I'll recreate the catalog.
Erwin
On 8/26/2016 5:43 PM, Erwin Marschalk wrote:
Hi Fish,
i found the volume, although CCKDCDSK doesn't find any issue with that volume. But there is a catalog on that volume. If i process this catalog with a utility like export catalog i get also thhe crash dump.
I'll recreate the catalog.
Erwin
Erwin,
It shouldn't crash.. hercules (or any of its utilities) should NEVER crash !
However, it may be crashing in a library outside of hercules (zlib ?) at which point, it is outside of our purview.
--Ivan
If i process this catalog with a utility like export catalog i get also thhe crash dump.
Erwin, what utility are you using? Is it a Hercules utility? If so, which one? dasdpdsu
perhaps?
Like Ivan said, none of the Hercules programs -- neither Hercules itself nor any of its utilities -- should ever crash! If a Hercules utility is crashing, then we need to find out why and fix it!
If the "export" utility you are using is a z/OS export utility, then can you provide us with some additional information regarding which z/OS dataset (catalog) it is and how it was created? Is it a private catalog? Or is it one that IBM supplied with z/OS?
I realize it may not be possible but I would very much like to obtain a copy of this dasd that you are having trouble with! If I can recreate your problem on my system then I could fix the problem much easier and much faster!
I'll recreate the catalog.
BEFORE YOU RECREATE YOUR CATALOG, please make a copy of that damaged volume! (Hercules dasd image file)
If we are going to eventually fix Hercules so it does not crash, we need to be able to test our change to verify that it fixes the problem. Your volume (Hercules dasd image file), Erwin, is the only one that exists that causes the problem, so it needs to be preserved. Thanks!
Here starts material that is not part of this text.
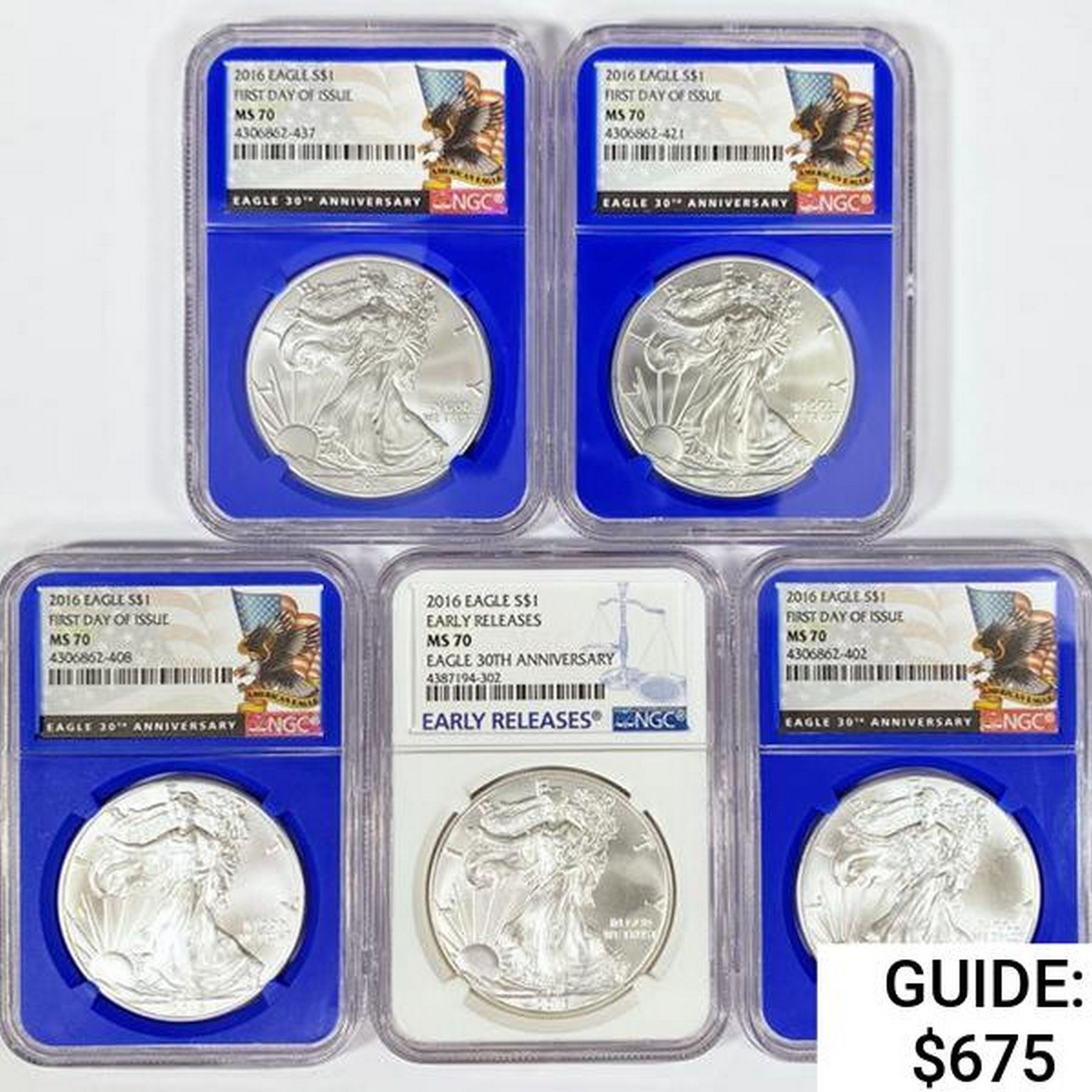 2016 Set [5] ASE NGC MS70 1st Day, 30th Ann

(Once the problem has been fixed, then you can destroy your bad volume. But please, not before! Thanks!)
Hi Fish, Ivan,
i checked the volume i expect, but CCKDCDSK -3 find nothing. From the LISTCAT of that volume, i select all volumes, which are related to this catalog and run also a CCKDCDSK with that volumes, but also here no errors. But with the LISTCAT on that catalog, i get a strange error message, but LISTCAT gets RC 0: 14.47.10 ADCD IGD306I UNEXPECTED ERROR DURING ?CBRXVOL PROCESSING RETURN CODE 20 REASON CODE 0 THE MODULE THAT DETECTED THE ERROR IS IGDCAT01 SMS MODULE TRACE BACK - CAT01 CAT00 SSIRT SYMPTOM RECORD CREATED, PROBLEM ID IS IGD00000 14.47.11 ADCD IGD306I UNEXPECTED ERROR DURING ?CBRXVOL PROCESSING RETURN CODE 20 REASON CODE 0 THE MODULE THAT DETECTED THE ERROR IS IGDCAT01 SMS MODULE TRACE BACK - CAT01 CAT00 SSIRT SYMPTOM RECORD CREATED, PROBLEM ID IS IGD00001
No Crash Dump with LISTCAT, but with an other IBM utility the crash dump is recreatable. From my past hercules experience i expect, its an issue with SMS controlled volumes.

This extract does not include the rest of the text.